What the task requires: Could you reproduce every entry as it stands, leaving the pictures behind?

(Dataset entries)
--------------------------------------------------
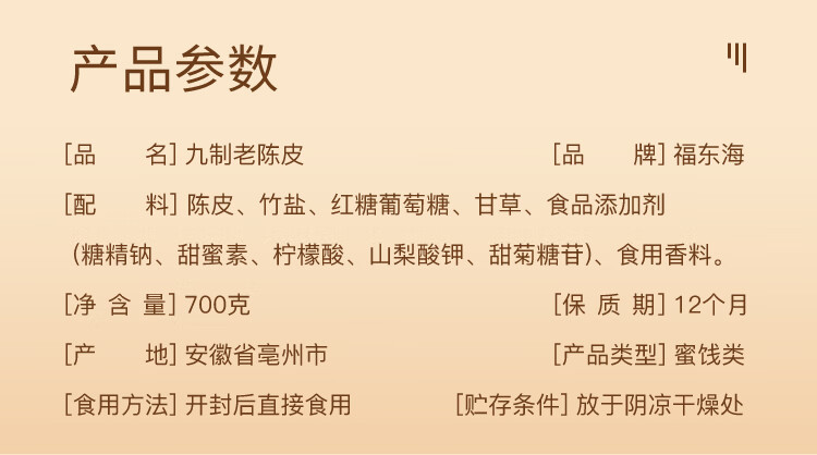 【分仓直发包邮】福东海九制老陈皮(蜜饯类)700克/瓶
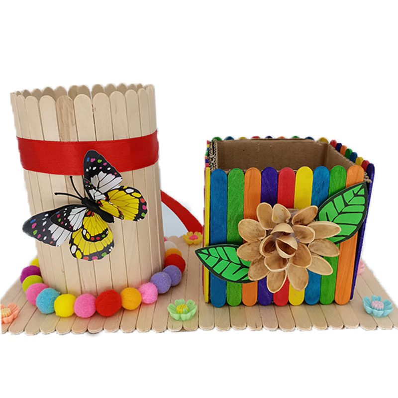 Ice cream stick containing box pen holder finished machine ladybug finished product Other finished products can be set for finished guitar Colour small yellow man pen holder Egg Box Cartoon Small Animal Ice Cream Stick Ice Cream Stick of Ice Cream Stick of Snowflake Snow
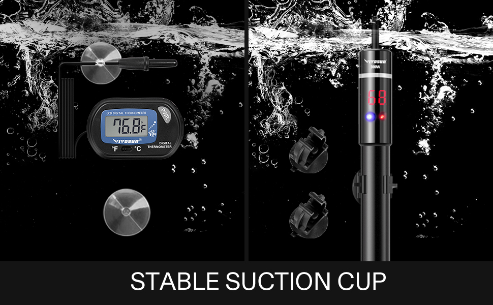 خيارات تركيب متعددة: تم تجهيز كل من مقياس الحرارة والسخان بأكواب شفط حتى تتمكن من تثبيتهما على جدار الخزان في أي مكان تريده؛ يمكنك ضبط درجة الحرارة المحددة دون إخراج السخان من الماء؛ يمكن لأسماكك السباحة بحرية عندما يتم تثبيت السخان على الحائط بقوة
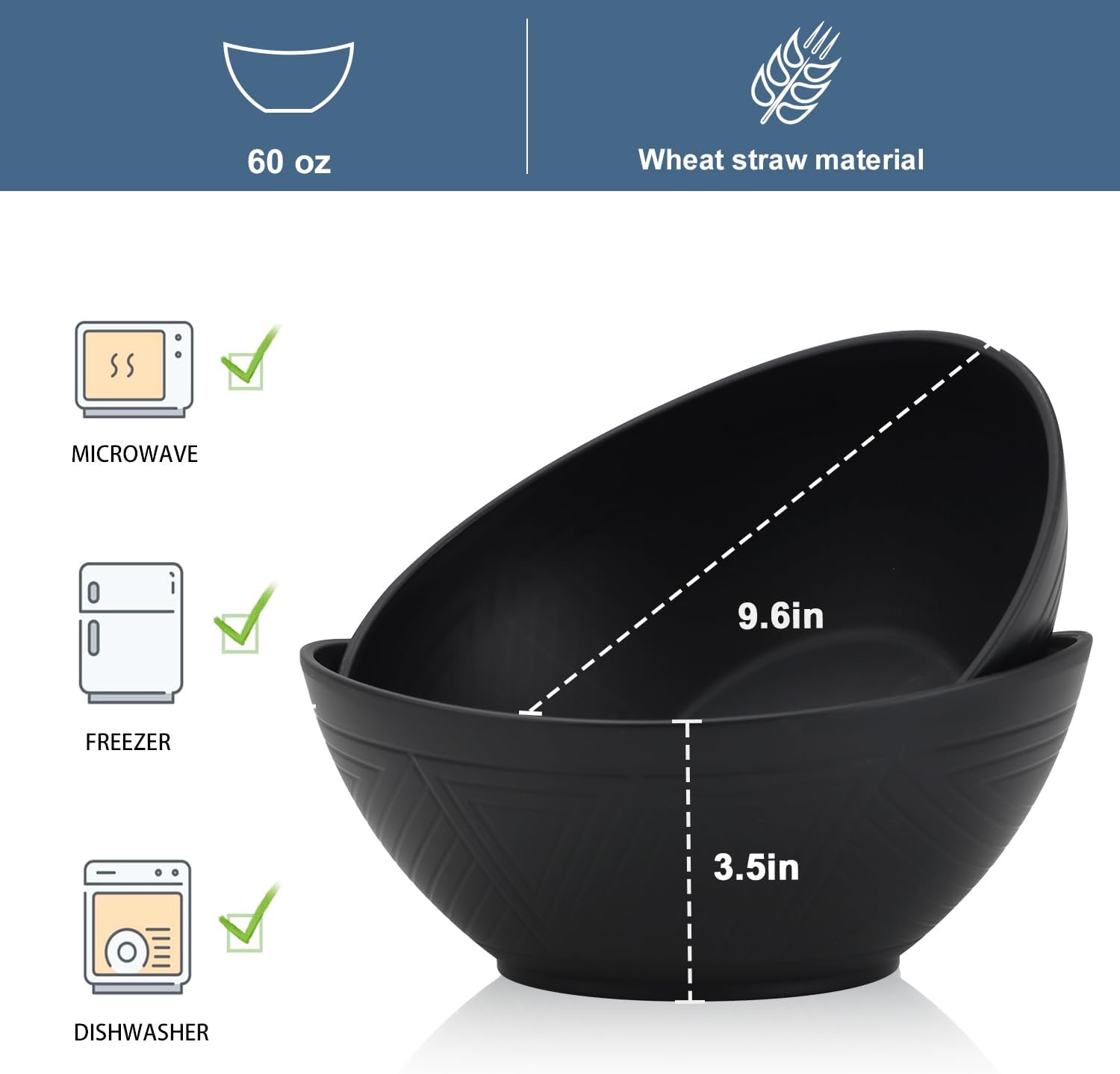 - 【𝐃𝐢𝐬𝐡𝐰𝐚𝐬𝐡𝐞𝐫 & 𝐌𝐢𝐜𝐫𝐨𝐰𝐚𝐯𝐞 𝐒𝐚𝐟𝐞】- Wrova reusable big bowls for kitchen are Microwave and Dishwasher safe, temperature resistance ranges from -4°F to 248°F. Also available for Freezer. Easy to clean and store,our bowls make your life more convenient.
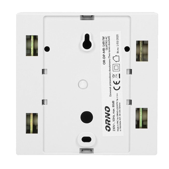 Dzwonek przewodowy, elektromechaniczny Orno OR-DP-MR-149/W o głośności ok. 80 dB. Posiada 2 tony DING-DONG oraz funkcję przeciwblokady łącznika (zabezpieczenie przed nadmiernym obciążeniem).
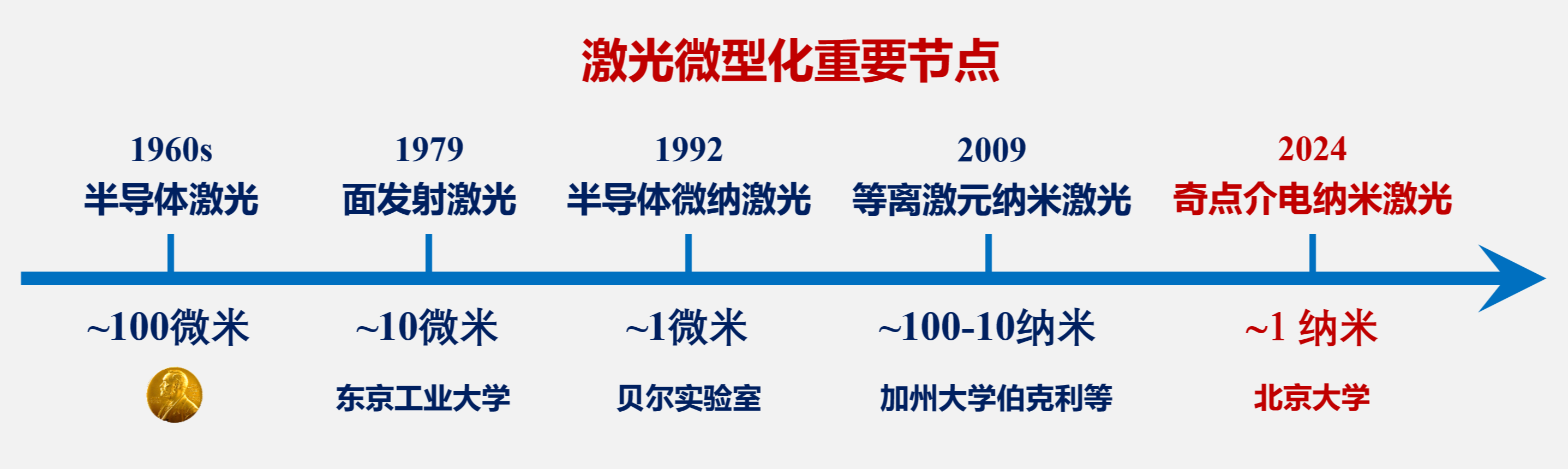 图1.激光微型化的重要节点。北京大学构建了介电质体系突破光学衍射极限的理论,发明了制备具有原子级特征尺度光学纳腔的新方法,首次提出并实现了奇点介电纳米激光,将激光特征尺度推进至原子尺度。
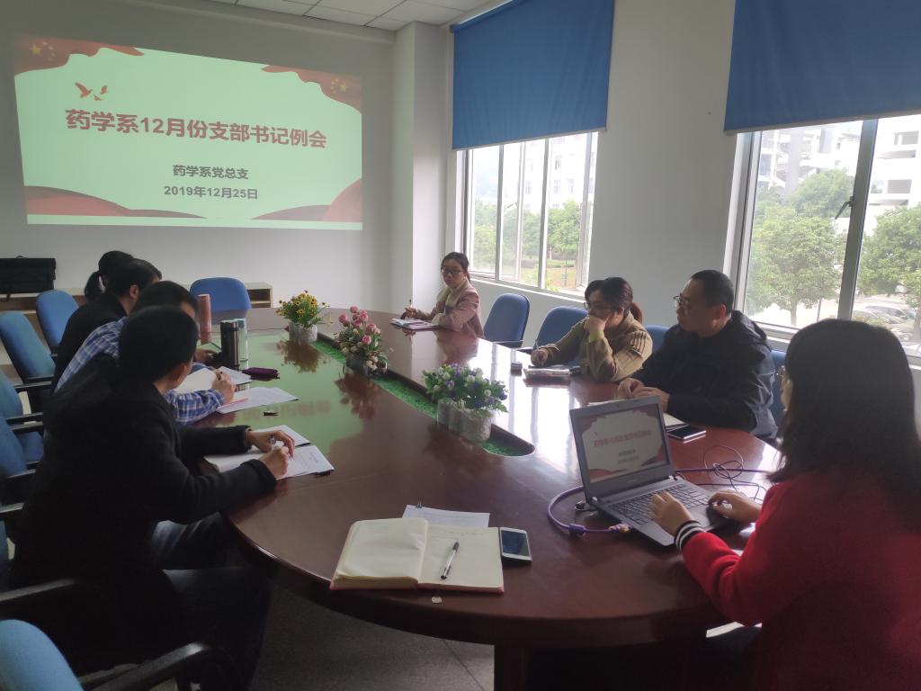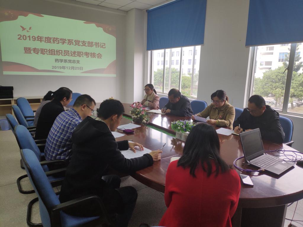 2019年12月25日,药学系党总支在系部会议室召开12月份支部书记例会暨党支部书记、专职组织员述职考核会,学院纪委书记游锋莅临现场,系党政领导班子、总支支委、支部书记出席会议,会议由党总支赖文金副书记主持。
--------------------------------------------------
Finished task:
 【分仓直发包邮】福东海九制老陈皮(蜜饯类)700克/瓶
 Ice cream stick containing box pen holder finished machine ladybug finished product Other finished products can be set for finished guitar Colour small yellow man pen holder Egg Box Cartoon Small Animal Ice Cream Stick Ice Cream Stick of Ice Cream Stick of Snowflake Snow
 خيارات تركيب متعددة: تم تجهيز كل من مقياس الحرارة والسخان بأكواب شفط حتى تتمكن من تثبيتهما على جدار الخزان في أي مكان تريده؛ يمكنك ضبط درجة الحرارة المحددة دون إخراج السخان من الماء؛ يمكن لأسماكك السباحة بحرية عندما يتم تثبيت السخان على الحائط بقوة
 - 【𝐃𝐢𝐬𝐡𝐰𝐚𝐬𝐡𝐞𝐫 & 𝐌𝐢𝐜𝐫𝐨𝐰𝐚𝐯𝐞 𝐒𝐚𝐟𝐞】- Wrova reusable big bowls for kitchen are Microwave and Dishwasher safe, temperature resistance ranges from -4°F to 248°F. Also available for Freezer. Easy to clean and store,our bowls make your life more convenient.
 Dzwonek przewodowy, elektromechaniczny Orno OR-DP-MR-149/W o głośności ok. 80 dB. Posiada 2 tony DING-DONG oraz funkcję przeciwblokady łącznika (zabezpieczenie przed nadmiernym obciążeniem).
 图1.激光微型化的重要节点。北京大学构建了介电质体系突破光学衍射极限的理论,发明了制备具有原子级特征尺度光学纳腔的新方法,首次提出并实现了奇点介电纳米激光,将激光特征尺度推进至原子尺度。
 2019年12月25日,药学系党总支在系部会议室召开12月份支部书记例会暨党支部书记、专职组织员述职考核会,学院纪委书记游锋莅临现场,系党政领导班子、总支支委、支部书记出席会议,会议由党总支赖文金副书记主持。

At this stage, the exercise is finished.